La terza e ultima causa di queste violenze è la scarsa cultura sportiva del nostro Paese. In Italia, lo sport è ancora visto quasi come un semplice hobby, un’attività da fare dopo la scuola o il lavoro, un qualcosa di secondo piano. Solo negli ultimi anni, si sta, fortunatamente, iniziando a promuovere lo sport come pratica da attuare per migliorare il proprio stato di salute e/o prevenire malattie cronico-degenerative come il diabete o l’ipertensione (malattie che hanno un elevato impatto economico negativo sul bilancio del Sistema Sanitario Nazionale). Siamo però ancora lontani anni luce da ciò che avviene in altri Stati dell’Unione Europea, per non parlare degli Stati Uniti dove lo sport va praticamente di pari passo con l’istruzione sin dalla tenera età. Non sarebbe quindi il caso di iniziare, finalmente, a introdurre lo sport e l’insegnamento della cultura sportiva nelle nostre scuole? Così facendo, si farebbe capire, soprattutto ai più piccoli, che lo sport non è guerra o una battaglia nella quale tutto è lecito ma è un mondo meraviglioso ricco di storie, personaggi, valori e sani principi da adottare. Così facendo, si inizierebbe a creare una generazione “sportiva” e che comprende il reale significato dello sport e della competizione. E per quelli che sono già adulti? Per questi, gli unici interventi possibili e immediatamente applicabili (o quasi), sono due: pene severe e certe per coloro che commettono fatti di violenza negli stadi e obbligare i media a fare comunicazione corretta e con “toni più bassi” in quanto questi, molto spesso, per vendere qualche copia in più o fare qualche punto in più di share, “pompano” in modo eccessivo una partita, facendo quindi salire la tensione dei tifosi già diversi giorni prima del matchday.

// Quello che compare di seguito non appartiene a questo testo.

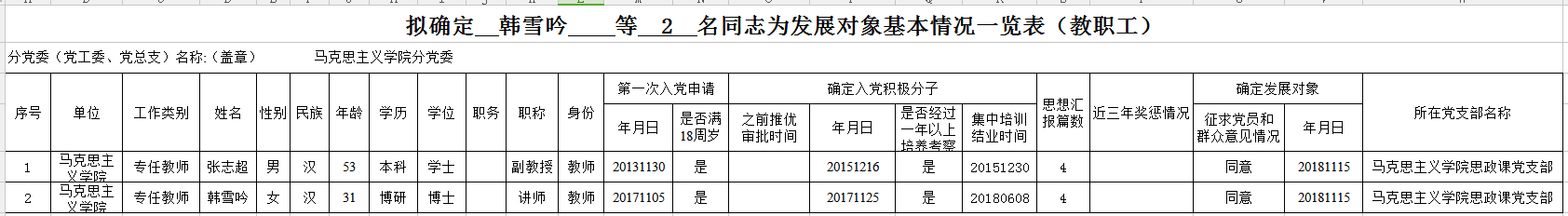 附:拟确定 韩雪吟 等 2 名同志为发展对象基本情况

In Italia, soprattutto in questo periodo storico, si tende spesso a generalizzare e banalizzare le cose, a maggior ragione quando riguardano lo sport o il calcio che ormai è, nell’immagine comune, uno sport non più adatto alle famiglie. Forse però, è arrivato il momento di aprire gli occhi, di analizzare le cose in modo completo e sotto più punti di vista, di fare mea culpa e far tornare il calcio uno sport alle quali tutti, grandi e piccoli, possono assistere in piena tranquillità e serenità.